The NBA season was postponed indefinitely on March 11. In many ways, the NBA’s postponement was a wake-up call to America. It was the exact moment many of us realized the gravitas of the situation. This global pandemic is a momentous time in our lives, perhaps the defining era of our generation. Lives will be irrevocably altered from the coronavirus — those who lived during the Great Depression became notoriously frugal — we just don’t know how quite yet.

But for just a few minutes, I want to focus on the coronavirus’ impact on the NBA season. As events are beginning to be cancelled deeper into the summer, we must start to face the reality: the NBA season is likely over. It’s the right decision from nearly every perspective, yet it just feels so wrong. As much as we want basketball and other sports to return, how can we commit any amount of healthcare professionals to testing athletes, coaches and team personnel when thousands of people are dying?

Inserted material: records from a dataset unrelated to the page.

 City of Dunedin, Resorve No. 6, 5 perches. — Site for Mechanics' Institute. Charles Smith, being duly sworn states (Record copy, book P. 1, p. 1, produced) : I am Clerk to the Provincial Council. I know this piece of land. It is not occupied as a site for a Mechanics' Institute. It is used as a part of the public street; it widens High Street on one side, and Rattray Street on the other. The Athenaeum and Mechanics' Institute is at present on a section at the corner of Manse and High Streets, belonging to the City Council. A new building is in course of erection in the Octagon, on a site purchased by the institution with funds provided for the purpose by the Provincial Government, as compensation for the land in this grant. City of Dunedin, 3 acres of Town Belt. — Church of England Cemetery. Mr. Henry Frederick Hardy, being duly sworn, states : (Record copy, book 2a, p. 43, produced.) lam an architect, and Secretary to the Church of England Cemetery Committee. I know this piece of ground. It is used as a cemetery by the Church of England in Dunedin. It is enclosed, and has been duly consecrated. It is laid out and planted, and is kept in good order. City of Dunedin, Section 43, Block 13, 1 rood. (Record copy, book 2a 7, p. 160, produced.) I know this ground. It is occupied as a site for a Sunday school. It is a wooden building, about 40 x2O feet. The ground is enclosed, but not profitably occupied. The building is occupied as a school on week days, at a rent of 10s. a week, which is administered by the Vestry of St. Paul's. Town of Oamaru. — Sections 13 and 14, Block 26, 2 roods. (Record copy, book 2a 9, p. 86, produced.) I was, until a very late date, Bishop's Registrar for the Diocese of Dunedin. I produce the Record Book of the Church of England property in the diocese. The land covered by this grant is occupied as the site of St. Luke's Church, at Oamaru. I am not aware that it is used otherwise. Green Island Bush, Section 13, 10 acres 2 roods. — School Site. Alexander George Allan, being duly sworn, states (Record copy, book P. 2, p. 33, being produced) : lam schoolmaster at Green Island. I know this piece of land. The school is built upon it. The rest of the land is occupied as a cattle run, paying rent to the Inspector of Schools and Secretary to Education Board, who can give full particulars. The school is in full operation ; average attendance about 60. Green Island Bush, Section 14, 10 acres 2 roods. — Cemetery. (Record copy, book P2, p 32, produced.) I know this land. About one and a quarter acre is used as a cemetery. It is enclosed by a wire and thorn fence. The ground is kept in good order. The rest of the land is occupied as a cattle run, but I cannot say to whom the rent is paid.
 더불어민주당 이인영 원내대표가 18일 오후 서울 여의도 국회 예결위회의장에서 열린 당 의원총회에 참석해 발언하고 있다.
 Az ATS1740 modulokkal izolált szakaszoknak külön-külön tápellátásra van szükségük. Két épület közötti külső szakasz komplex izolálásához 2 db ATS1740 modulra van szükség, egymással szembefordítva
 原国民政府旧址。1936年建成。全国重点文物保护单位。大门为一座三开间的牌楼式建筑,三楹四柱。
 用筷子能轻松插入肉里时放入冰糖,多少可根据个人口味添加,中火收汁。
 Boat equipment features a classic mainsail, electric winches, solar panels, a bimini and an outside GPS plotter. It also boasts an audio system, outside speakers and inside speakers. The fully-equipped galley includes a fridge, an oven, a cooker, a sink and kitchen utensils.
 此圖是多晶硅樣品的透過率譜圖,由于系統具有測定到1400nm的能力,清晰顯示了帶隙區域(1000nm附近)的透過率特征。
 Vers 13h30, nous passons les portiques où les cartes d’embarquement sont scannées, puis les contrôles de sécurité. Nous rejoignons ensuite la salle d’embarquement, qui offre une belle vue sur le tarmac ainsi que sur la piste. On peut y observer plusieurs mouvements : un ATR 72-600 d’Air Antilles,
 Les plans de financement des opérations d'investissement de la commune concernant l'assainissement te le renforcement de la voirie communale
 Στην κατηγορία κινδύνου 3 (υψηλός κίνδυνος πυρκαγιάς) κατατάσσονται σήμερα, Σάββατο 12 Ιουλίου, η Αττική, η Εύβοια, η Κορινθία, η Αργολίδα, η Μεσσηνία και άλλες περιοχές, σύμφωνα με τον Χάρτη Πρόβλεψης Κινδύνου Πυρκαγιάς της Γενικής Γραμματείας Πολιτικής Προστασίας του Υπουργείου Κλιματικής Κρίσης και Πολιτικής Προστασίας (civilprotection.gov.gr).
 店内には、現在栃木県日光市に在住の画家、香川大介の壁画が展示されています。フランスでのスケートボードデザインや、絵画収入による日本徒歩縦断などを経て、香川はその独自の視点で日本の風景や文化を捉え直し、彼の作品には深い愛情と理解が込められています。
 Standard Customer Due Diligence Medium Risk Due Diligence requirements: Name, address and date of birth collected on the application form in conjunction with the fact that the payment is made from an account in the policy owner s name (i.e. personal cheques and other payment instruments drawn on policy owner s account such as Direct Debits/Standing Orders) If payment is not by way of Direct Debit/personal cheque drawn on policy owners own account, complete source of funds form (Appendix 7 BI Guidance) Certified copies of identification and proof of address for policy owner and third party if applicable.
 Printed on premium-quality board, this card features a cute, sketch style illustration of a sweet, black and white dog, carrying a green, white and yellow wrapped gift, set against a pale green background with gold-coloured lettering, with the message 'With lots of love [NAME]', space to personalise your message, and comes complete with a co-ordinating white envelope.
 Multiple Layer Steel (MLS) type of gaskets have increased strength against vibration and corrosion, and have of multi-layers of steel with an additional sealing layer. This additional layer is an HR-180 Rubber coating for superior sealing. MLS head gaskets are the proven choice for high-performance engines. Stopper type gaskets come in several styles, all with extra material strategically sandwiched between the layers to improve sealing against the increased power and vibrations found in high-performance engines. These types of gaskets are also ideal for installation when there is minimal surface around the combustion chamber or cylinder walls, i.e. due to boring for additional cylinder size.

Frankly, this coronavirus’ timing could not have been worse as far as basketball goes. This particular NBA season was the most intriguing in years. The five-year Warriors dynasty was at least on pause. Individuals across the league were having historic seasons, unprecedentedly staving off Father Time, and the kids were, as they say in baseball, were playing. I wanted to take a moment and appreciate the individuals and moments that are on the verge of becoming casualties of the global pandemic.

LeBron’s Last Great Season?

During this extended time without live sports, I’ve spent some time re-watching old games. I watched the end of Game 5 of the 2007 Eastern Conference Finals, Games 6 and 7 of the 2013 Finals, and Games 5 and 7 of the 2016 Finals. I even watched a high school basketball game from 2002 between St. Vincent St. Mary and Oak Hill. All of those games have one thing in common: LeBron James, at his best.

During the St. Vincent St. Mary’s game, you can see the world grasp the budding enigma of LeBron in real time. By listening to Jay Bilas and Dick Vitale as they are introduced to LeBron themselves, you realize very quickly that the immense hype surrounding LeBron, specifically being the cover of Sports Illustrated at age 16, was not only deserved, but perhaps undersold his talent.

Game 5 of the 2007 Eastern Conference Finals can only be described as LeBron’s first legacy game. He scored 29 of Cleveland’s final 30 points, including the last 25 to push Cleveland past the Pistons. He finished with 48 points, 9 rebounds and 7 assists. In likely his single-greatest performance during his first stint with Cleveland, this game symbolized how he led arguably the worst supporting cast in NBA history to the Finals at just 22 years old.

People like to give Ray Allen all the credit for saving the Heat in Game 6 of the 2013 Finals and he deserves plenty of admiration for hitting one of the greatest shots in NBA history. But LeBron’s dominance throughout the entirety of the fourth quarter allowed Allen the opportunity to tie the game. Bill Simmons wrote back in 2014:

But the fourth quarter? I remember a bunch of things. I remember Duncan fading as LeBron ascended to an ungodly level. Stretch Bo Jackson to 6-foot-8, give him T-Mac’s streaky jump shot, Jordan’s competitiveness, Pippen’s defensive prowess and Bird’s brain, and that was LeBron dominating both ends for nine solid minutes. He fought off a slightly better San Antonio team, by himself … and then, just as unexpectedly, he remembered he was human and ran out of gas. 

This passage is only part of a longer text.